5:30 CHALLENGE

5:30 Challenge: Make this Alabama white sauce for a speedy chicken dinner

Alabama Chicken. CONTRIBUTED BY HENRI HOLLIS
Alabama Chicken. CONTRIBUTED BY HENRI HOLLIS
By Kate Williams
Aug 19, 2020

The first time I heard about Alabama white barbecue sauce, I wasn’t exactly convinced. As a firm Eastern Carolina vinegar sauce lover, I couldn’t understand why you would want to put mayonnaise on barbecue. However, like many converts, it only took one taste of the tangy, peppery sauce, slathered on smoked chicken, to change my mind.

One key, of course, is the chicken — the creamy sauce shines on milder poultry, turning into a caramelized glaze that adds both moisture and flavor to the meat. The other key? Use enough vinegar and pepper to enliven the rich mayo. I’ve concocted complicated Alabama white sauce recipes, but my favorite one is the simplest — mayonnaise, apple cider vinegar, a touch of sugar and hot sauce, and plenty of salt and pepper.

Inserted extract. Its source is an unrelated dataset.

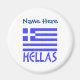 Imán redondo que muestra la bandera griega y la palabra, HELLAS, debajo en azul. La bandera muestra franjas azules y blancas con una cruz azul y blanca en la zona superior derecha. Encima, añade tu nombre, también en letras azules, para un toque personalizado o crear un regalo. Ideal para celebrar el Día de Oxi.

While this mixture is most often served on slow-cooked smoked whole chickens, the sauce can be easily employed with boneless skinless for a meal that’s ready in less than 30 minutes. If you’ve got a gas grill, fire it up to medium-high and let it do its thing. If not, use a broiler set to high and cook the chicken on a wire rack set inside a baking sheet. Either way, be sure to serve the chicken with the best summer tomatoes you can get your hands on and plenty of warm bread to soak up the extra sauce.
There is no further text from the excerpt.